We couldn't decided whether or no to visit. We were
armed with a map and compass (Top Tip No.1, this is
essential, or at least a great help). Within two minutes
of leaving our riad we made a 'friend' who was "not a
guide", apparently. We wandered through a maze of
alleyways, eventually ending up - yes, you have
guessed - at the Tanneries. At the gate a group were
still grasping the handfuls of mint to their noses.
On entry we were also given fresh mint leaves, or as the
locals refer to them, a gas mask. Not a good omen.

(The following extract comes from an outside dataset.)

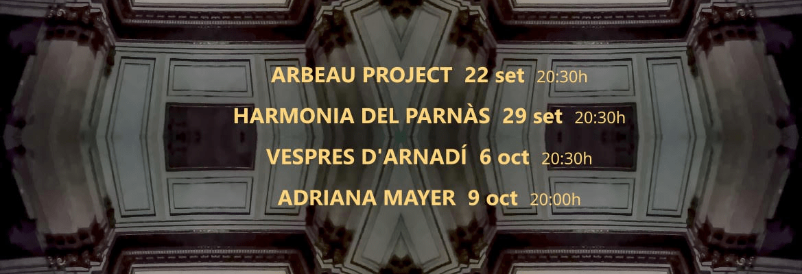 El siguiente viernes, 6 de octubre, vuelve a este escenarnio la orquesta barroca Vespres d’Arnadí. En esta ocasión, presentarán conciertos para instrumentos solistas de Johann Sebastian Bach, como son el concierto en La mayor para clavicémbalo, cuyo solista será el director del grupo Dani Espasa, así como el doble concierto para oboe y violín protagonizado por el director de Ateneu d’Història i Art, Pere Saragossa, y el joven ruso Vadym Makarenko, y el 5º concierto de Brandenburgo con Marina Durany al traverso, además de los mencionados solistas del violín y el clavicémbalo.
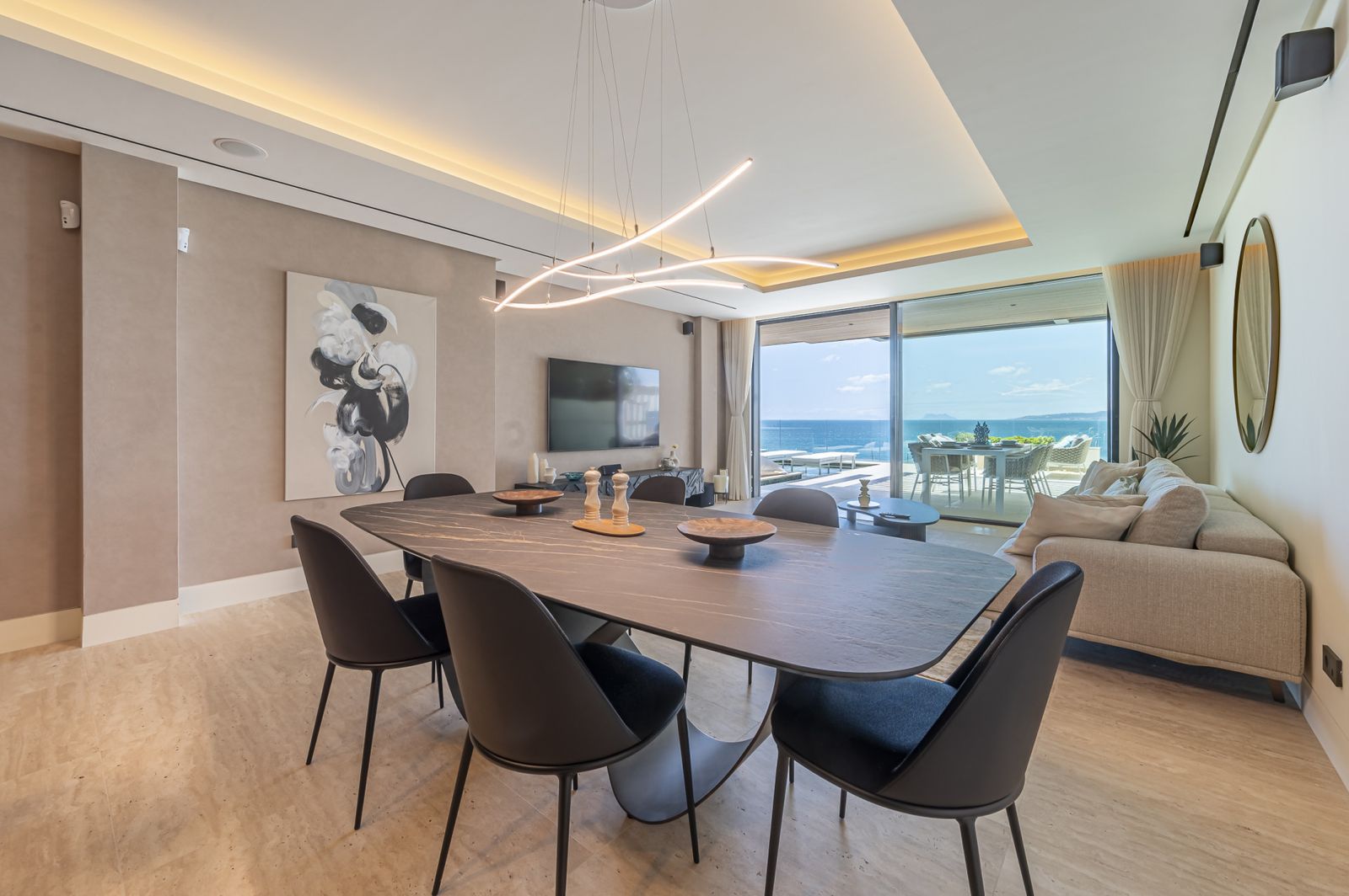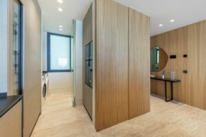 Spanning an impressive 120m² of interior space, the apartment features two generously proportioned bedrooms and two meticulously designed bathrooms. The fully fitted kitchen, equipped with high-end appliances, flows seamlessly into the open-plan dining and living areas, creating a perfect space for entertaining or relaxation. Premium finishes, including marble flooring, double glazing, and glass doors, enhance the sophisticated aesthetic, while the home automation system, central heating, and air conditioning ensure year-round comfort. Additional highlights include a utility room, storage room, and a private garage.

Here I offer Top Tip No. 2 - if you feel the need to visit,
go in the early morning. I have a very good sense of
smell, and didn't find it unpleasant, although perhaps
I have become immune to 'unusual' aromas from visits
to India. The scene was grim, certainly not colourful.
The picture shows the lime bath, which removes hair
and other 'things' from the leather. Next up the pigeon
poo bath to soften hide, and then the dye baths.
These were all a bit brown and black.
Conclusion - good to tick off list, curiosity satisfied.
The local do not like their photos taken, except for
money. 'Friends', gatekeepers, et all. also require
cash, as did the man watching us take a photo of
a donkey. Clearly he had nothing to do with said
donkey, but it was another earning opportunity.